Step 1: Authentication Analysis. Mount the image read-only and begin with /var/log/auth.log. Search for failed SSH login attempts: grep "Failed password" auth.log | awk '{print $11}' | sort | uniq -c | sort -rn. The results show 4,200 failed attempts from a single IP address over a 6-hour window, followed by a successful login to the "deploy" service account.
Step 2: Post-Compromise Activity. Navigate to /home/deploy/.bash_history. The attacker's commands are visible: they downloaded a PHP web shell using wget, placed it in /var/www/html/uploads/, modified its permissions to be executable, and then ran history -c (but the history was already written to disk before the clear command took effect).
Step 3: Persistence Check. Examine the deploy user's crontab using the crontab file in the image. A new entry exists: */5 * * * * /tmp/.hidden/beacon.sh. This script runs every 5 minutes and sends a heartbeat to an external IP address, maintaining the attacker's C2 channel.

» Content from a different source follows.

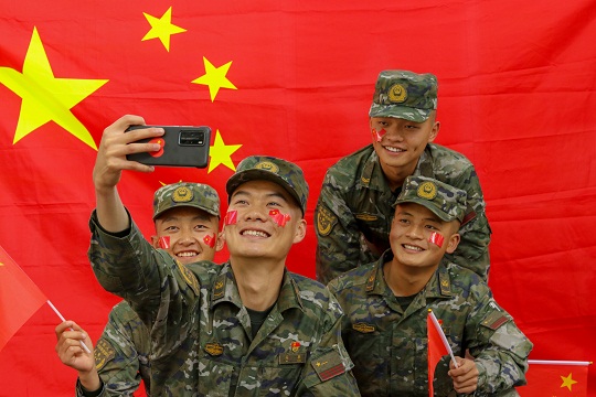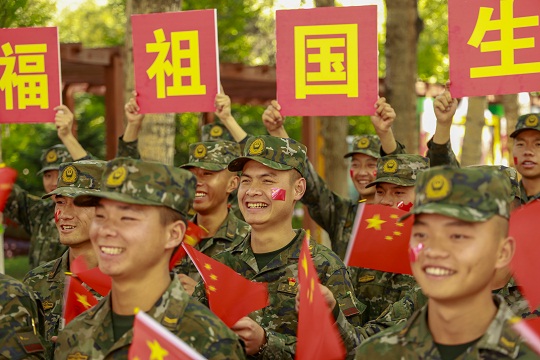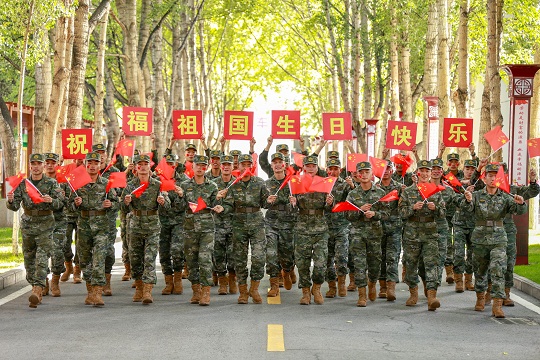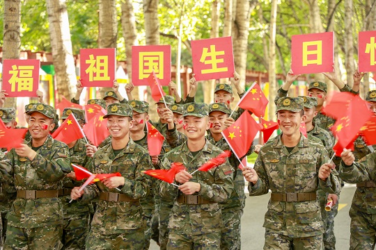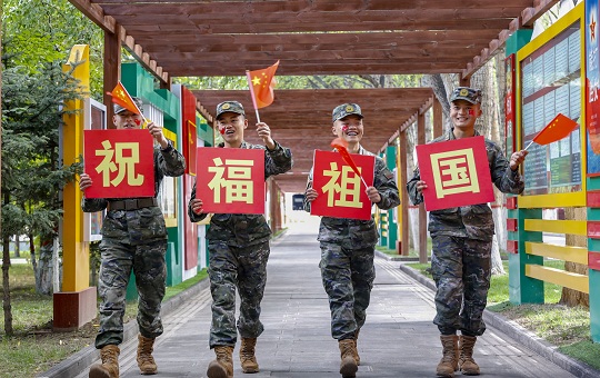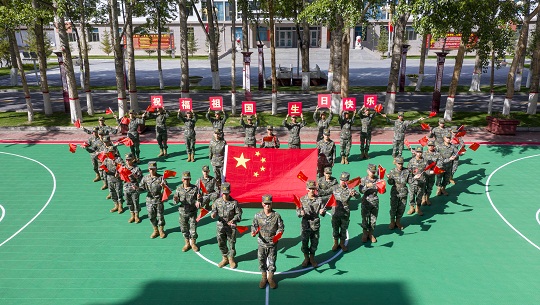 國(guó)慶前夕,武警青海總隊(duì)開(kāi)展“向祖國(guó)深情告白”主題活動(dòng),官兵們通過(guò)與國(guó)旗合影、組織升旗儀式等形式,向偉大祖國(guó)深情告白,祝福偉大祖國(guó)繁榮昌盛。圖為官兵揮舞國(guó)旗喜迎國(guó)慶。

Step 4: Web Server Log Analysis. Read /var/log/apache2/access.log. Search for requests to the uploaded web shell: grep "uploads/config.php" access.log. The results show 38 POST requests to the web shell from three different source IP addresses over two days, indicating that the shell was actively used for further operations.
Step 5: Timeline Reconstruction. Combine the timestamps from auth.log (initial brute-force and successful login), bash_history file timestamps, the web shell's inode timestamps via stat, and the cron job's creation time to build a complete timeline of the intrusion from initial access through persistence establishment.

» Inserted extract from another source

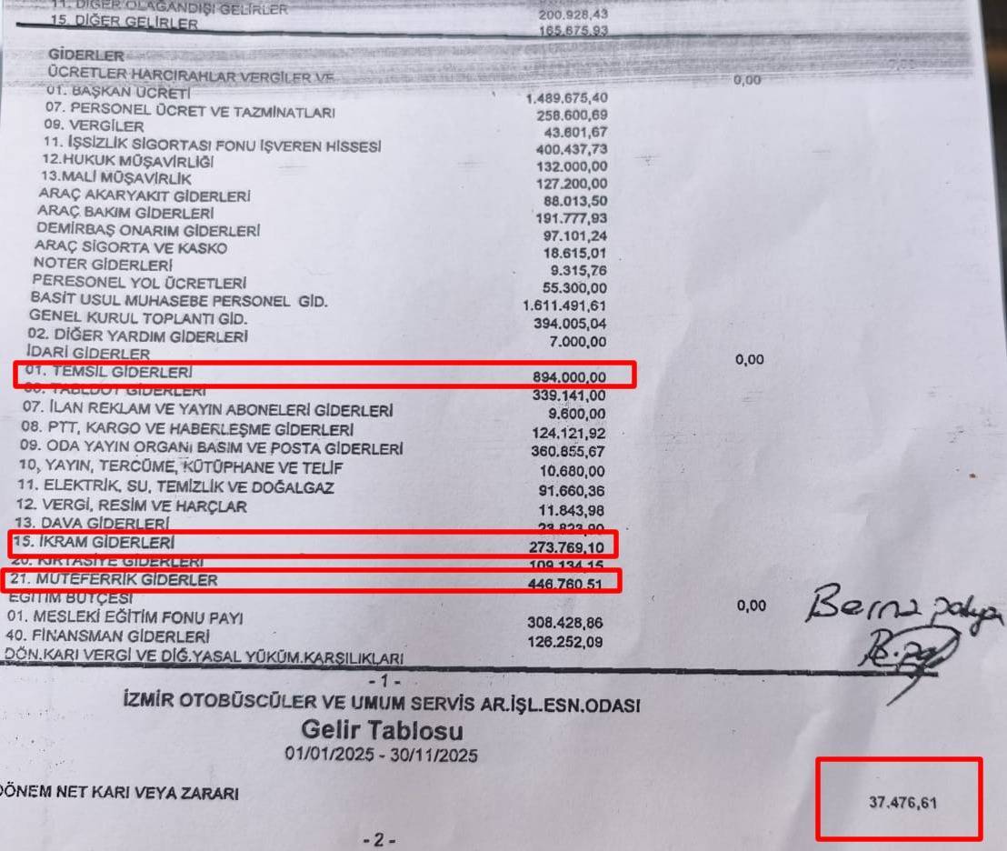 İzmir Otobüsçüler ve Servis Araçları Odası'nın, iki yılda milyonlar harcayıp yılllık kazancını 37 Bin TL olarak açıklaması seçime giden odanın üyeleri arasında ciddi tartışma konusu oldu. İzmir’de yeni yıla girilirken iyice hız kazanan olan esnaf odalarında seçim atmosferi, seçim tansiyonunun iyice yükselmesine de doğal olarak neden oldu. Seçime gidecek olan İzmir Otobüsçüler ve Servis Araçları Odası'nın yıllık faaliyet bilançosu ise seçimden daha çok konuşulan ve tartışılan konu oldu.İzmir Otobüsçüler ve Servis Araçları Odası'nın Başkanı Erdem Mert’in başkanlığında iki yıllık faaliyet raporunda yer aldığı iddia edilen bilançoda temsil giderinin 894 Bin TL, ikram giderinin 273 Bin TL, oda yayın ve basın giderlerinin 360 Bin TL, başkan giderlerinin 1 Milyon 489 Bin 675.40 TL ve hesapta olmayan giderlerin 446 Bin 760 TL gösterilmesinden sonra iki yıl sonunda odanın kasasında 37 bin TL olduğunun belirtilmesi oda üyelerinin tepkisinin de çekti.Odanın varlığının kendilerine yarardan çok maddi anlamda zarar verdiğini iddia eden üyeler, “İki yılda gidenler üyelerin verdiği aidat paraları. İki yıl sonra kasada olan 37 bin TL ise kalan. Odamızda asgari ücret kadar paranın kalması, odanın varlığının ve varlığından kaynaklı kendimizi güçlü hissetmememizin kaynağı.Oda üyeleriyle güçlüdür. Üyelerin verdiği aidatlarla güçlüdür. Oda maddi imkanlarıyla güçlüdür. Kasada olan 37 bin TL ile hangi otobüsçü, servisçi esnaf kardeşim kendisini bu odanın üyesi olmaktan dolayı her anlamda güvende hissedebilir.” diye tepki verdiler.

This five-step process, grounded entirely in the artifacts and commands covered in this chapter, gives the analyst a clear narrative: the attacker brute-forced SSH access, deployed a web shell, established cron-based persistence, and used the web shell for ongoing access. The timeline provides the legal team with the dates and times needed for their response.
11.5 Forensic Linux Distributions
What Are Forensic Distributions?
A forensic Linux distribution is a purpose-built operating system that comes preconfigured with forensic tools, validated workflows, and (in most cases) default settings designed to protect evidence integrity. These distributions can be booted from a USB drive or installed on a forensic workstation, providing a ready-to-use examination environment without the need to manually install and configure dozens of individual tools.

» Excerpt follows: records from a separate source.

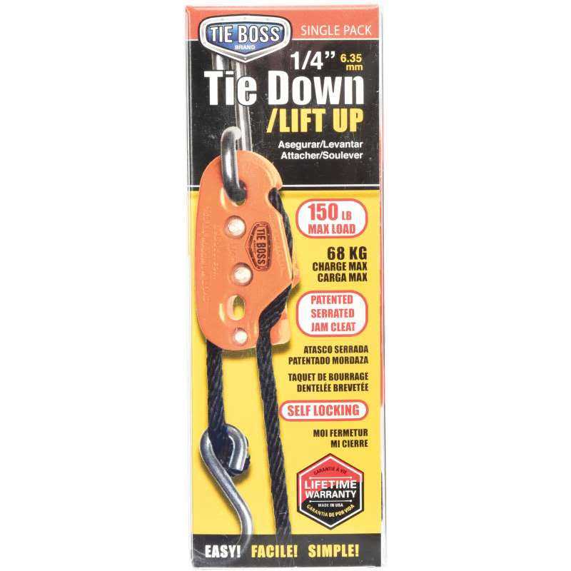 Tie Boss is the world’s easiest tie down! Safe, fast and secure, Tie Boss makes it easy to lift up or tie down almost any load with an easy one hand lock and release.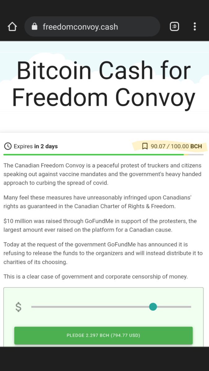 The #TruckersConvoy2022 $10MM GoFundMe money was seized by woke tech. @metapills started a @flipstartercash to bypass censors with #bitcoincash. Go contribute some #crypto. The honking will continue until freedom is restored. 🚛🚛🚛honk🚚🚚🚚honk🚛🚛🚛 https://www.reddit.com/r/btc/comments/skyfuy/flipstarter_bitcoin_cash_for_the_freedom_convoy/?utm_medium=android_app&utm_source=share
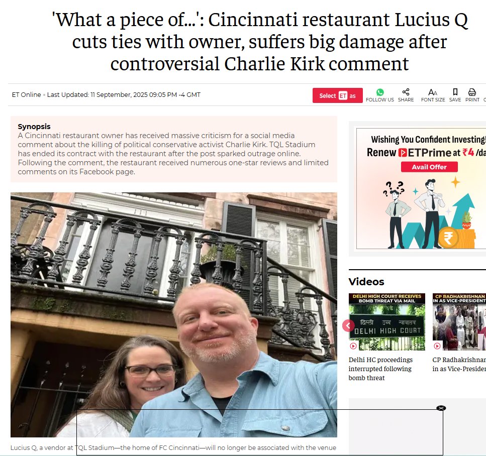 It comes after the co-owner made negative comments on social media regarding Charlie Kirk's death.https://t.co/DJpCuzB2w8 pic.twitter.com/ATSWngxj43— Local 12/WKRC-TV (@Local12) September 12, 2025

Forensic distributions matter for several reasons. Their tool chains are tested and validated for use in legal proceedings. Many default to write-blocking behavior, ensuring that connected evidence drives are not inadvertently modified. They provide a consistent, reproducible environment, which strengthens the defensibility of your examination in court.
SANS SIFT Workstation
The SANS Investigative Forensic Toolkit (SIFT) is one of the most widely recognized forensic distributions in the industry. Maintained by SANS and originally developed by Rob Lee, SIFT is built on Ubuntu and is designed for comprehensive disk and memory forensics.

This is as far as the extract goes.